1853 год. Ливингстон в Первом своем путешествии из Линьянти к западному берегу Африки направляется в «ставку» Шинте, верховного вождя племени балунда, верхом на воле
В ходе путешествий шотландец еще не раз убедится: неграм есть, что предложить пришельцам, — тягловый скот, шерсть животных для текстильного производства, шкуры, не говоря уж о дарах земли. Только в одной из деревень, где правил некий Шинте, сады, а также плантации табака и бананов «не уступали лучшим американским» (Ливингстон, впрочем, в Америке не бывал). А тростника одной полосы земли между Конгоне и Мазаро (это уже северо-восточнее, у устья Замбези) «хватило бы, чтоб снабдить сахаром всю Европу». Для европейцев это будет выгоднее, чем покупать живой товар у окраинных «охотников за головами», которые, в отличие от них, имеют доступ в «глубинку» и захватывают там рабов. Такое «свободное экономическое пространство» подорвет базу работорговли.
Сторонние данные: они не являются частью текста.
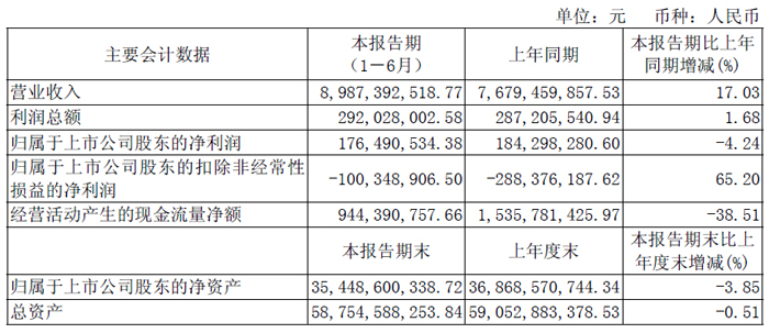 2025 年上半年,各地區(qū)各部門加緊實施更加積極有為的宏觀政策,國民經(jīng)濟頂壓前行、穩(wěn)定運行,上半年GDP 同比增長5.3%,增速比去年同期和全年均提升0.3 個百分點。在上半年穩(wěn)中有進的國內(nèi)經(jīng)濟環(huán)境下,公司實現(xiàn)營業(yè)收入89.87 億元,同比增長17.03%,實現(xiàn)歸屬于上市公司股東的凈利潤1.76 億元,同比下降4.24%。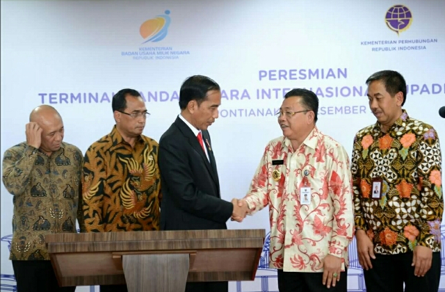 Dalam peresmian tersebut, tampak mendampingi Presiden dan Ibu Negara Iriana Joko Widodo, Menteri Koordinator bidang Kemaritiman Luhut Binsar Panjaitan, Menteri Perhubungan Budi K. Sumadi, Kepala Staf Kepresidenan Teten Masduki, Gubernur Kalimantan Barat Cornelis beserta Istri dan Direktur Utama PT Angkasa Pura II Muhammad Awaluddin.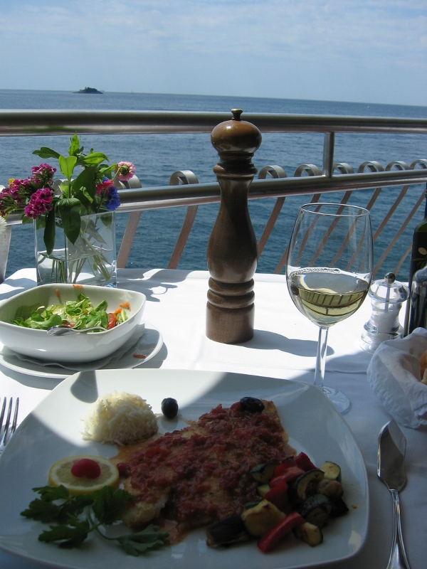 It was fantastic, this lunch.  I had a much needed green salad, delicious fresh fish with a sort of tomatoey sauce on it, and part of a bottle of Franc Arman Pinot Blanc – I bought a bottle, after asking my waiter if I could porta via the undrunk part out of there.  To which, of course, he gave me a hearty “Certo!” All of this I consumed on a pleasant balcony overlooking the sea: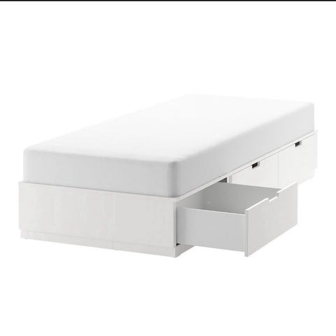 Vit säng med utdragslådor under själva sängen. Mycket praktisk. Madrass ingår. Bredden är själva sängstommen. Hämtas senast söndag 25 januari.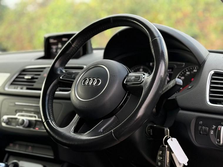 Here for sale at Leigh Cars Ltd we are delighted to present this impressive ULEZ free Audi Q3 2.0 TDi Quattro Sport 150bhp 7 speed automatic SUV finished in glacier white metallic paint. This fine example comes with a good service history - 7 services. No expense has been spared in the maintenance department on this fine example. As part of our thorough pre sale preparations this vehicle comes with a full inspection and major £1000 engine service including new cam belt and water pump! This superb example comes with the upgraded 18 10 spoke alloys, which make it look the part! It also comes with some great standard specification including black cloth interior, satellite navigation, bluetooth, ice cold dual zone climate controlled air conditioning, auto lights + wipers, DAB radio, remote central locking, 2 Keys + much more. This great value 4x4 SUV automatic would be ideal for any growing family with its impressive specification, practicality and stylish looks with a sporty powerful smooth drive alongside the impressive Audi build quality + reliability. Road tax costs are only £195 per year with average fuel economy returns of 56.5mpg and is ULEZ charge free. This car really needs to be driven to understand what it has to offer so book in your click & collect or test drive appointment today. ** Viewing Strictly By Appointment Only - Please visit our website for more details - We are open 7 days a week - Nationwide delivery available - 14 day money back guarantee subject to T&Cs** As we are an AA accredited dealer, with any purchase through Leigh Cars Ltd, you will also receive 12 months free breakdown assistance. We also offer AA warranty packages for up to 2 years subject to terms and conditions. We offer very competitive low rate finance packages - Why not check out our online deal builder on our website where you can tailor a personal quote to yourself including part exchange and finance options. We offer part exchange on all of our vehicles and nationwide delivery and we also offer home or work appointment services subject to conditions. We are rated 5 stars by our customer reviews, check us out on Autotrader, Google, Car Gurus or Facebook (@leighcarsltd) to see what our customers have to say about the quality service we provide. We are very proud to be a Car Gurus top rated dealer 2018, 2019, 2020, 2021, 2022 & 2023 and Autotrader highly rated dealer 2019, 2020, 2022 and 2023.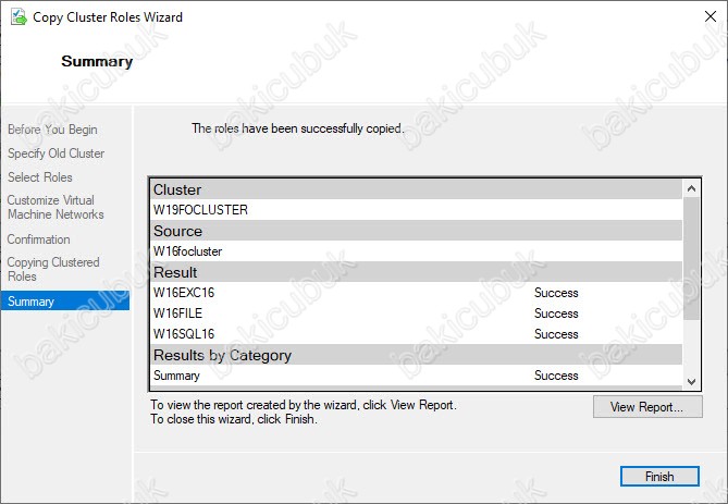 Summary ekranın da W19FOCLUSTER.bakicubuk.local isimli Hyper-V Failover Cluster yapısı üzerine W16FOCLUSTER.bakicubuk.local isimli Hyper-V Failover Cluster yapısın ve üzerinde çalışan W16EXC16, W16FILE ve W16SQL16 isimli Virtual Machine ( Sanal Makine ) sunucularımızın kopyalanacağını görüyoruz.
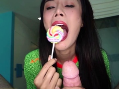 Slim ladyboy with big boobs gives her boyfriend a blowjob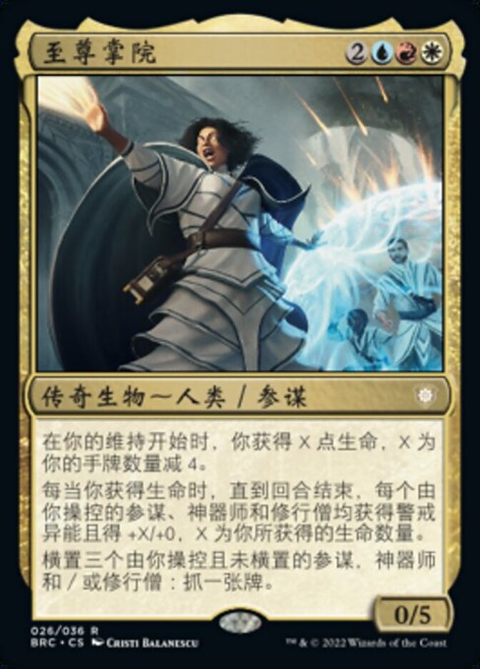 | Rules | At the beginning of your upkeep, you gain X life, where X is the number of cards in your hand minus 4. Whenever you gain life, each Advisor, Artificer, and Monk you control gains vigilance and gets +X/+0 until end of turn, where X is the amount of life you gained. Tap three untapped Advisors, Artificers, and/or Monks you control: Draw a card. |

В 1853 году первопроходец выступил в неведомое и два года спустя сделал его вполне ведомым. Позади остались сотни приключений и опасностей, не раз ставивших маленький отряд чернокожих под предводительством белого на грань гибели. Однажды он совсем уж приготовился к ней, как вдруг, словно из-под земли, появился португальский капрал, некто Сиприану ди Абреу, который тоже заблудился. И всем вместе каким-то чудом удалось добраться до населенных мест колонии Ангола… Остались позади многие несчастья, лихорадки, голод, всевозможные злоключения, в которых Ливингстон оставался верным своему принципу: поступай, если надо, жестоко в малом, когда хочешь достичь большого. Например, не будучи уверенным в успехе, он отказался лечить больного вождя Себитуане: а вдруг тот все же умрет и его люди разочаруются в ньяке?
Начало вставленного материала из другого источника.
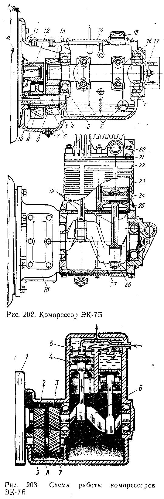 Работу компрессора можно проследить по схеме рис. 203. Шестерня 2 получает вращение от двигателя и через блок шестерней 7 и с? передает вращающий момент на эксцентриковую ось 9, которая приводит в движение шестерню 3, сидящую на коленчатом валу 6. При движении поршня 4 вниз происходит всасывание воздуха. В это время второй поршень движется кверху и происходит нагнетание воздуха. При обратном движении поршня 4 осуществляется нагнетание воздуха в полость крышки 5 и далее в главный резервуар. За один оборот коленчатого вала 6 в цилиндрах попеременно совершаются процессы всасывания и нагнетания.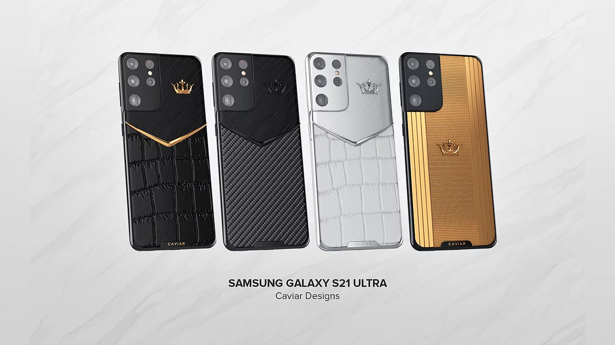 Российская компания Caviar представила пять новых эксклюзивных моделей Samsung Galaxy S21 Ultra. Это версии, выполненные из дорогих материалов — белой и чёрной крокодиловой кожи, золота, титана, углеродного волокна и так далее. Стоимость начинается от 359 тысяч рублей, а старшая модель стоит 1.3 миллиона.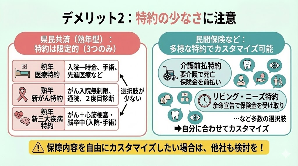 特約を駆使して保障内容をカスタマイズしたい方は県民共済以外がおすすめの可能性があります。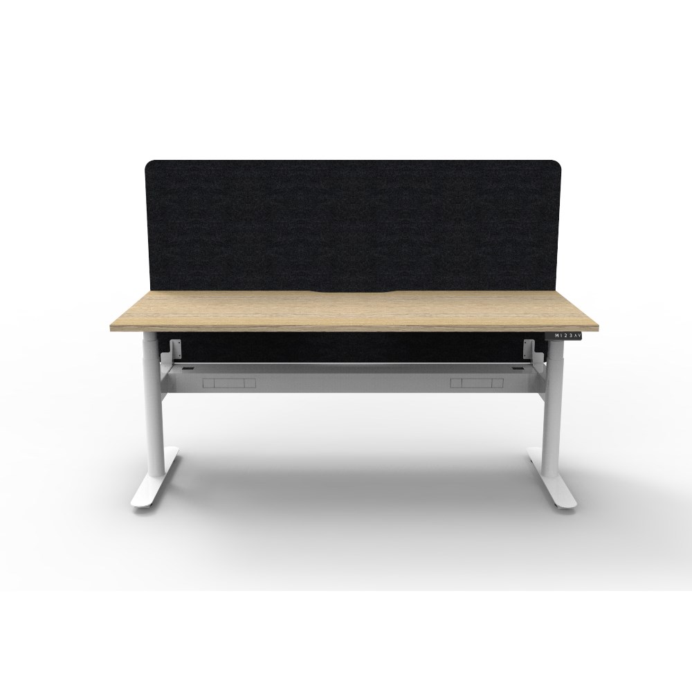• Natural Oak worksurface with rigid edging and 50mm scallop cable cut out. E0 rated 25mm top. White Satin powder coat round-leg frame. Eco screen and cable tray.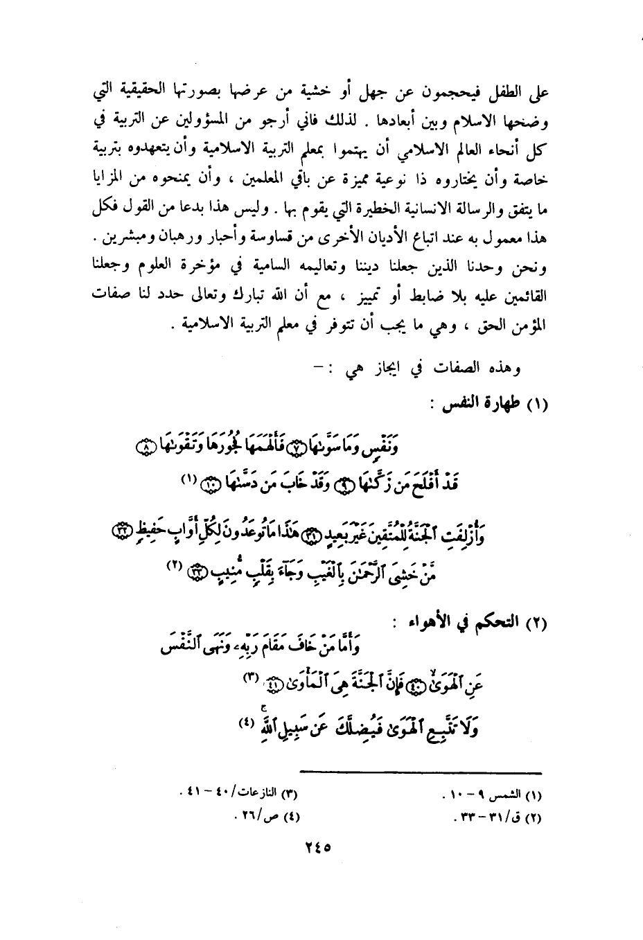 على الطفل فيحجمون عن جهل أو خشية من عرضها بصورتها الحقيقية التي وضحها الإسلام وبين أبعادها؛ لذلك فإني أرجو من المسئولين عن التربية في كل أنحاء العالم الإسلامي أن يهتموا بمعلم التربية الإسلامية, وأن يتعهدوه بتربية خاصة, وأن يختاروه ذا نوعية مميزة عن باقي المعلمين، وأن يمنحوه من المزايا ما يتفق والرسالة الإنسانية الخطيرة التي يقوم بها, وليس هذا بدعا من القول فكل هذا معمول به عند أتباع الأديان الأخرى من قساوسة وأحبار ورهبان ومبشرين, ونحن وحدنا الذين جعلنا ديننا وتعاليمه السامية في مؤخرة العلوم, وجعلنا القائمين عليه بلا ضابط أو تمييز، مع أن الله تبارك وتعالى حدد لنا صفات المؤمن الحق، وهي ما يجب أن تتوفر في معلم التربية الإسلامية.

Доктор по-прежнему продолжал фиксировать все, что касалось коренного населения, составлял каталоги насекомых, животных, растений. Но самое главное — он заполнял грандиозные лакуны на карте Африки. В частности, выяснил, как на самом деле «ведет себя» в верхнем и среднем течении Замбези (ранее считалось, что она протекает гораздо севернее). «Выправились» берега левого притока Замбези — Луангвы. Стало известно в Европе озеро Нгами и множество других. Обнаружилось, что страшный Мпенде, «крадущий по ночам детей и буйволов», не фольклорная легенда, которой бечуаны «кормили» англичан, а реальный персонаж, вождь племени баквена. Он и вправду отличался свирепостью, но Ливингстону, идеальному «переговорщику» (десятки раз он как ни в чем не бывало проходил сквозь зоны боевых действий), удалось установить добрый контакт и с ним.
Вернувшись из Анголы в Линьянти, столицу племени макололо, отправной пункт путешествия, доктор тут же решил закольцевать экспедицию выходом к Индийскому океану, и это удалось. Более того, тут ему, напоследок, на реке Замбези открылась крупнейшая жемчужина его странствий — Мози-оа-Тунья (буквально: «здесь пар издает шум»). Это единственный случай, когда Ливингстон изменил своей разумной привычке сохранять на своих картах туземные топонимы. Он не устоял перед искушением «преподнести» 120-метровый водопад королеве Виктории и впервые за 16 лет отправился на родину.